Charred Kale with Garlic, Chilies and Lime
- Makes4 servings
- Cook Time35 minutes
- 1
Charring kale gives it a bittersweet flavor and a nutty edge, reminiscent of oven-roasted kale chips. The volume of raw kale here may seem overwhelming, but it will cook down. Use the largest bowl you have to toss the leaves with oil, and the largest Dutch oven you own to cook the greens. Beware the vapors when you add the chili and garlic to the hot pot.
Don’t use olive oil to char the kale, as it has a lower smoke point than neutral oil. And don’t be afraid to get the oil super hot before piling the kale into the pot; light wisps of smoke are an indication that the oil and pot are ready.
Step 1
In a large bowl, toss the kale with 1 tablespoon of neutral oil and ½ teaspoon salt, rubbing with your hands to coat each leaf.
In a large Dutch oven over high, heat the remaining 1 teaspoon neutral oil until barely smoking.
Add the kale, cover and cook, occasionally turning the kale with tongs, until wilted and charred, about 10 minutes.
Step 2
Push the kale to the sides of the pot and add the garlic, chili and scallion whites.
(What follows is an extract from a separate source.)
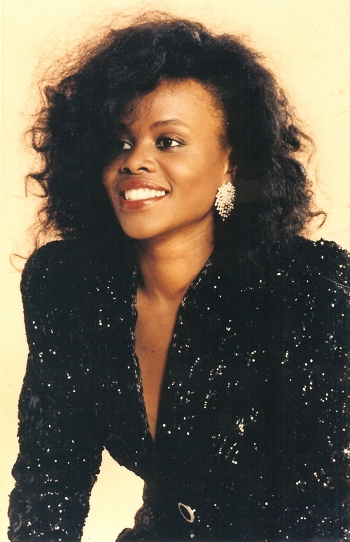 Iris Mack, PhD, EMBA earned a Harvard doctorate in Applied Mathematics and a London Business School Sloan Fellow MBA. She is a former MIT professor. Dr. Mack is also a former Derivatives Quant/Trader who has worked in financial institutions in the U.S., London and Asia.
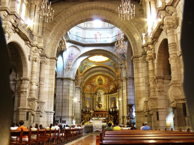 Inside Merida Cathedral. Venezuela.

Cook, stirring, until fragrant, about 30 seconds, then stir the mixture into the kale.
Quickly add ½ cup water to the pot and immediately cover.
Cook, without stirring, until the kale is tender and the water has evaporated, about 2 minutes.
Step 3
Off heat, stir in the scallion greens and lime zest and juice. Taste and season with salt and pepper.
Transfer to a serving dish and drizzle with the olive oil.